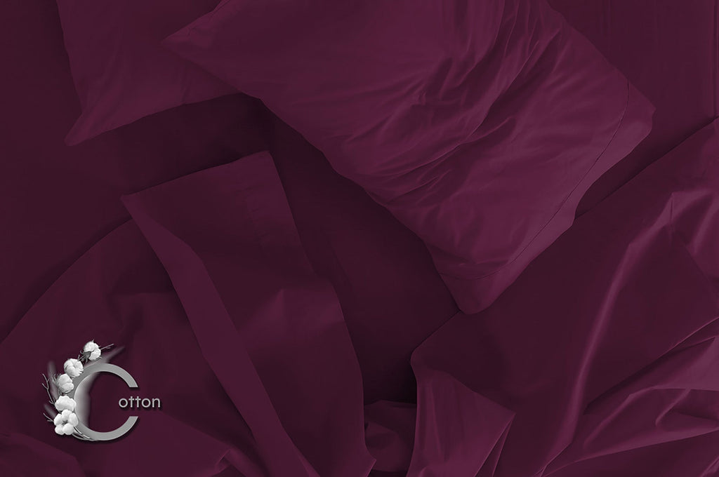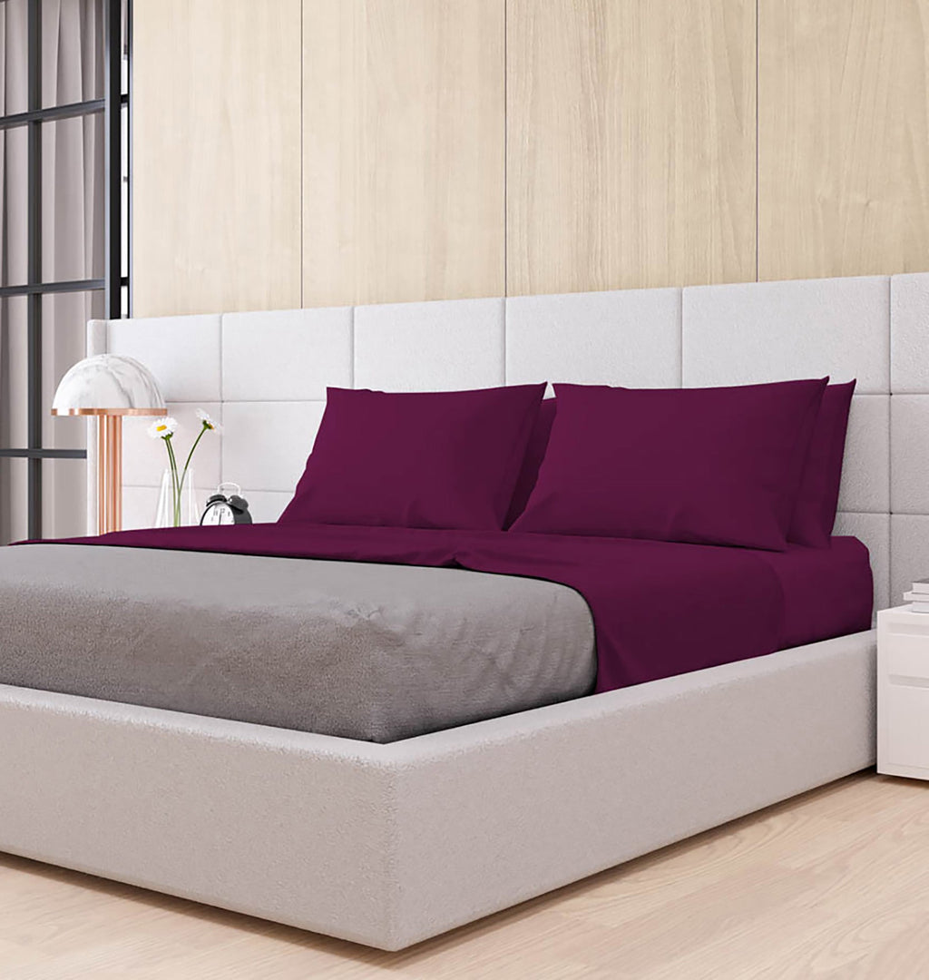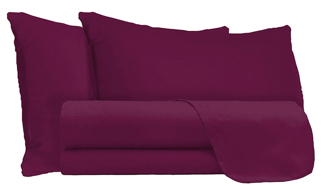 Set Lenzuola Matrimonale Sopra Sotto e Federe Tinta Unita Prugna
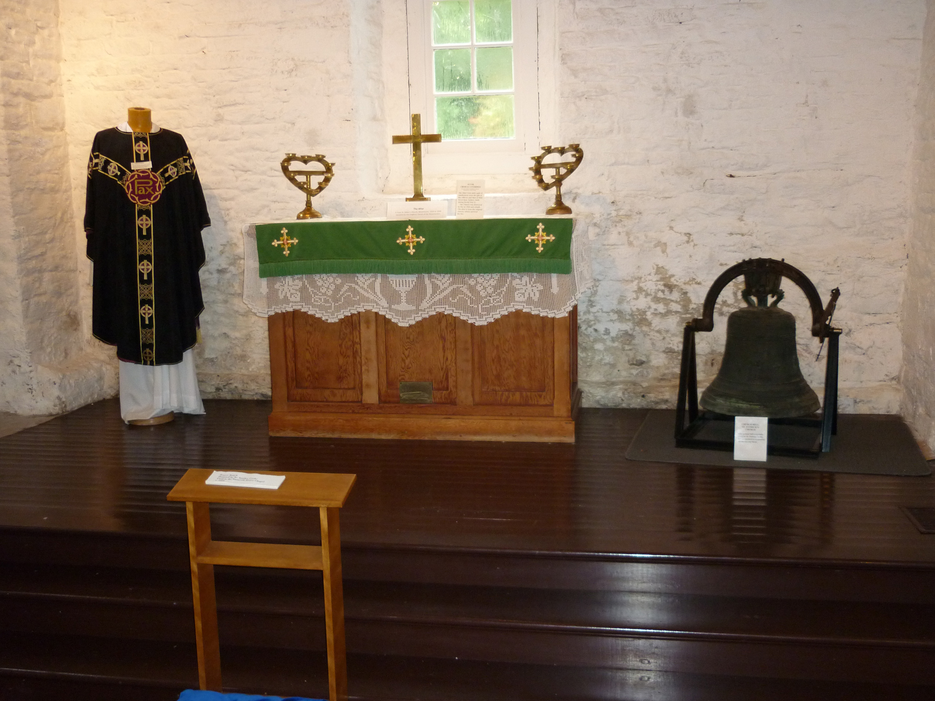 Small simple altar in a rustic church or chapel with a priests robes and bronze bell on display flanking the altar
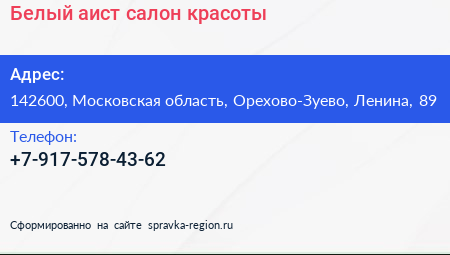 Белый аист, салон красоты по адресу 142600, Московская область, Орехово-Зуево, Ленина, 89 в дальнейшем Организация, размещена в следующих категориях:
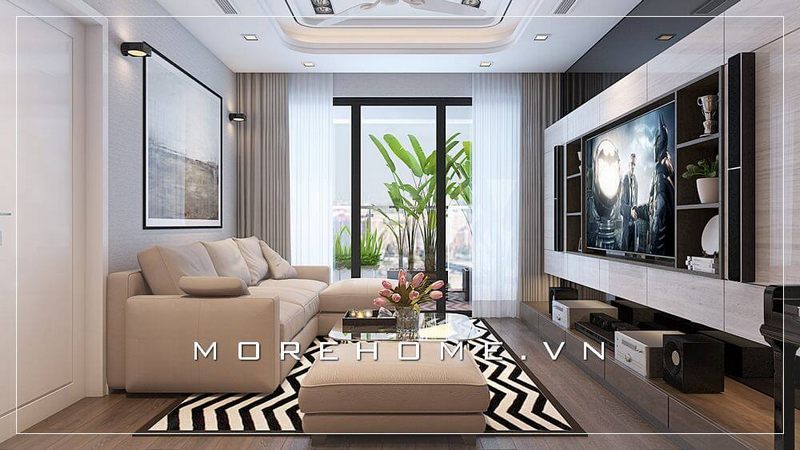 Thiết kế nội thất phòng khách chung cư hiện đại trẻ trung
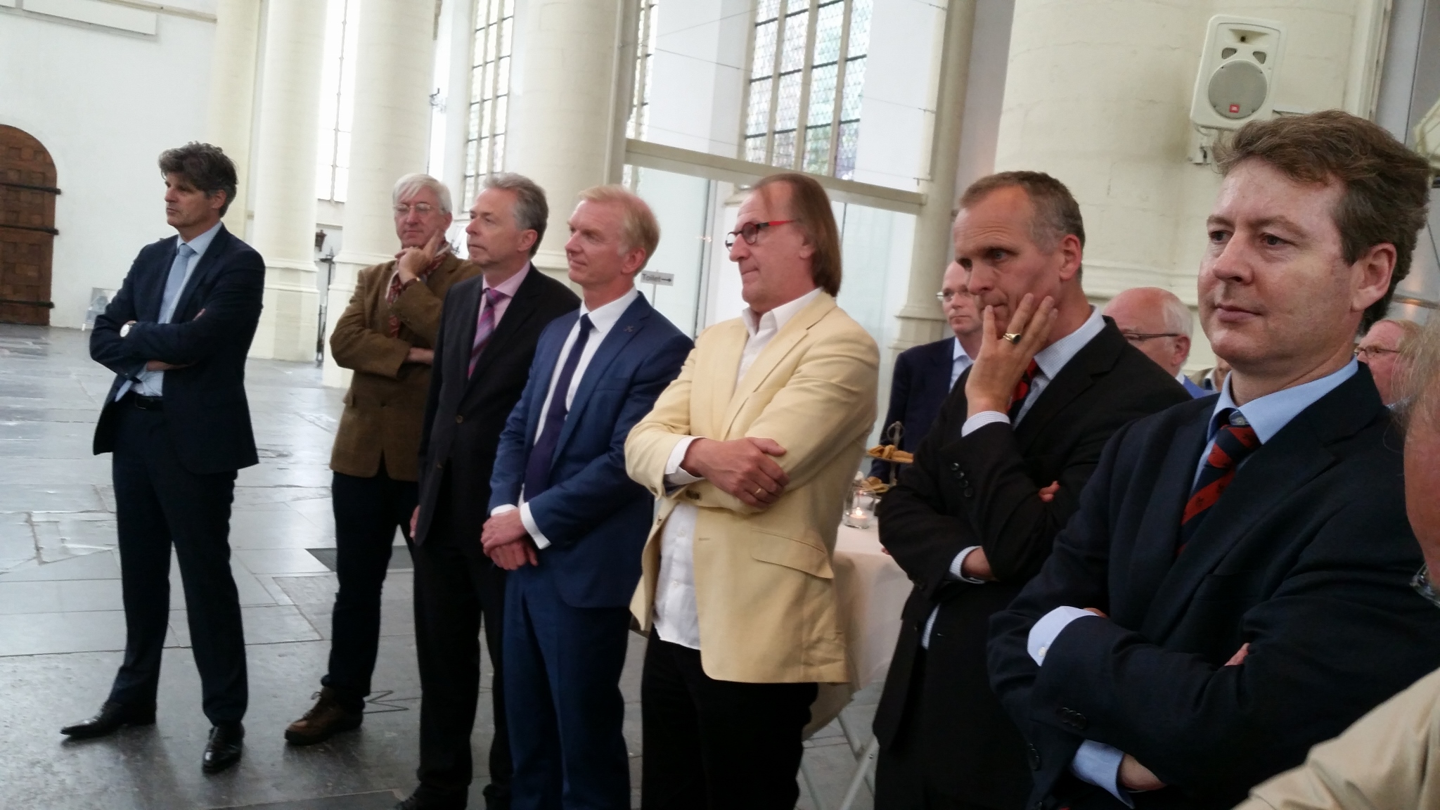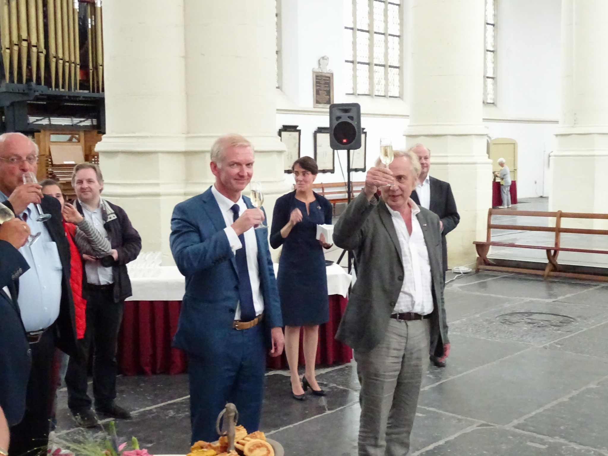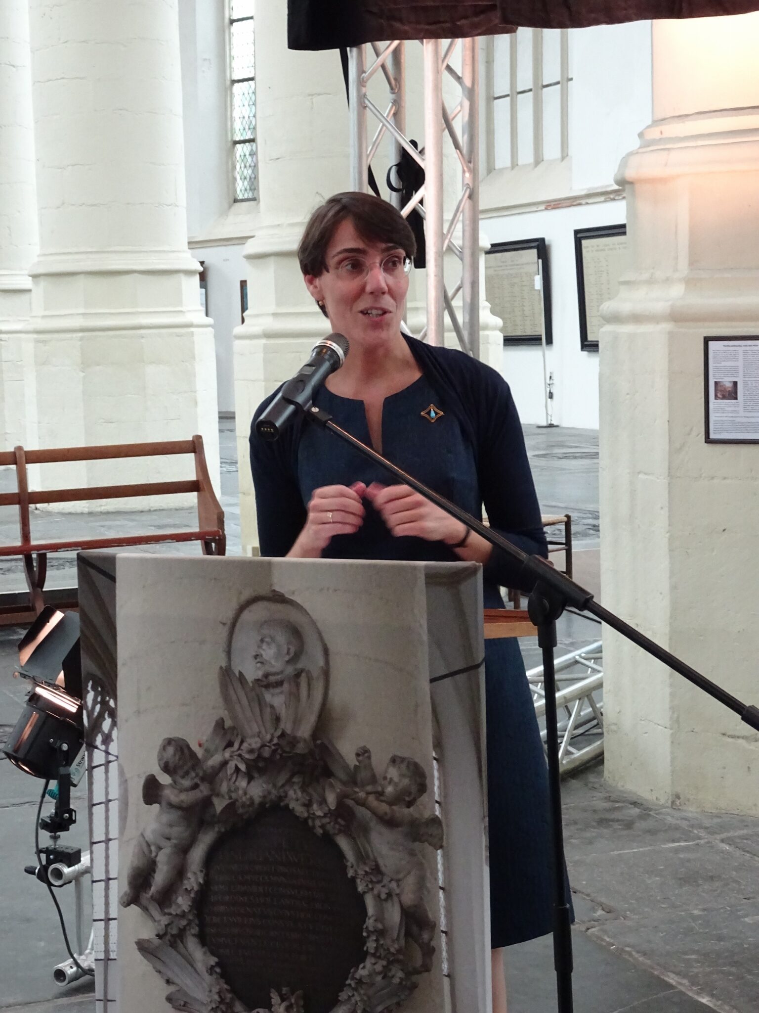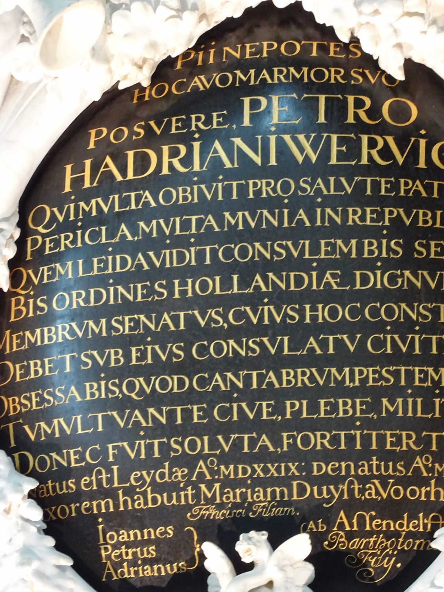 Nee, het is geen vergissing. De naam in de titel is de achternaam waarmee de Leidse burgemeester Van der Werf – met één f – werd geboren. Dat onthulde voorzitter Egbert Molenaar van het College van Kerkrentmeesters van de Hooglandse Kerk gistermiddag bij de onthulling van de gerestaureerde epitaaf. “Van der Werf heette eigenlijk Vermeer. Hij had achter zijn woning een grote werf en veranderde zijn naam in Van der Werf. Iets dat in die tijd heel gebruikelijk was. En laat het nu voor eens en altijd duidelijk zijn. Van der Werf is met één F.”
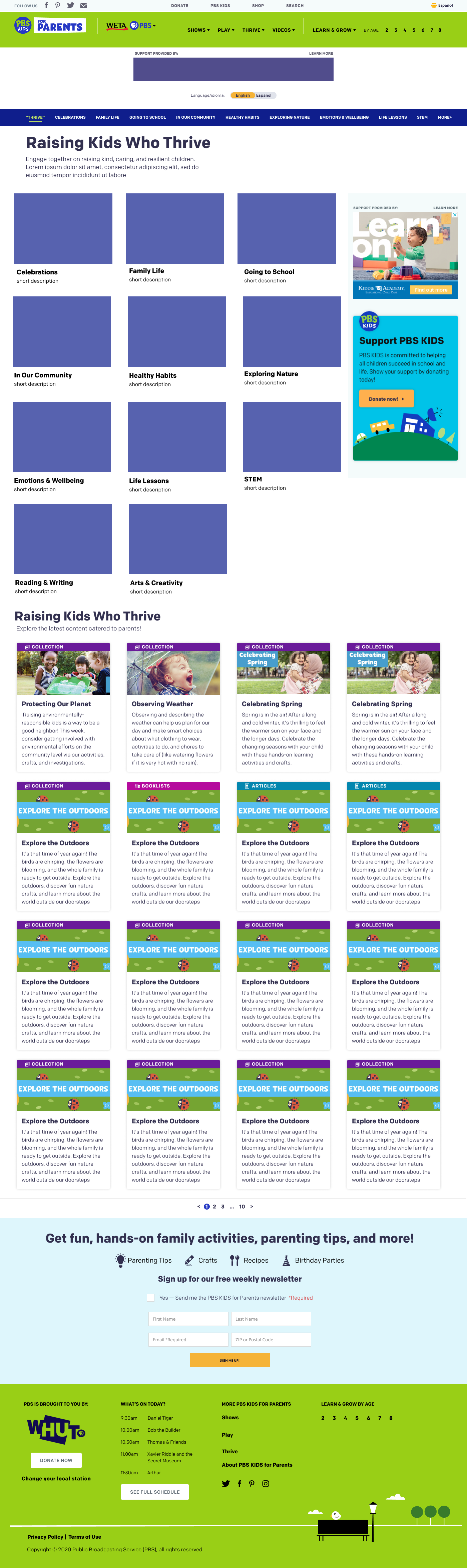 The research informed us that parents expected to find collections on the Thrive page, which currently housed our articles.
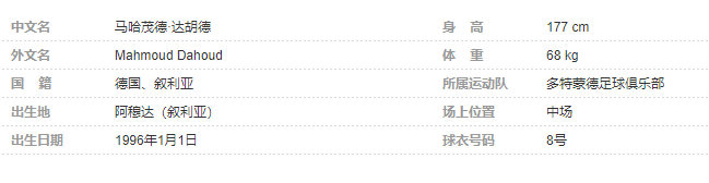 马哈茂德·达胡德(Mahmoud Dahoud),1996年1月1日出生于叙利亚阿穆达,德国足球运动员,场上司职中场,效力于多特蒙德足球俱乐部。个人简介

──────

An exact copy of every entry, minus the pictures, is what you should return.

 Set Lenzuola Matrimonale Sopra Sotto e Federe Tinta Unita Prugna
 Small simple altar in a rustic church or chapel with a priests robes and bronze bell on display flanking the altar
 Белый аист, салон красоты по адресу 142600, Московская область, Орехово-Зуево, Ленина, 89 в дальнейшем Организация, размещена в следующих категориях:
 Thiết kế nội thất phòng khách chung cư hiện đại trẻ trung
 Nee, het is geen vergissing. De naam in de titel is de achternaam waarmee de Leidse burgemeester Van der Werf – met één f – werd geboren. Dat onthulde voorzitter Egbert Molenaar van het College van Kerkrentmeesters van de Hooglandse Kerk gistermiddag bij de onthulling van de gerestaureerde epitaaf. “Van der Werf heette eigenlijk Vermeer. Hij had achter zijn woning een grote werf en veranderde zijn naam in Van der Werf. Iets dat in die tijd heel gebruikelijk was. En laat het nu voor eens en altijd duidelijk zijn. Van der Werf is met één F.”
 The research informed us that parents expected to find collections on the Thrive page, which currently housed our articles.
 马哈茂德·达胡德(Mahmoud Dahoud),1996年1月1日出生于叙利亚阿穆达,德国足球运动员,场上司职中场,效力于多特蒙德足球俱乐部。个人简介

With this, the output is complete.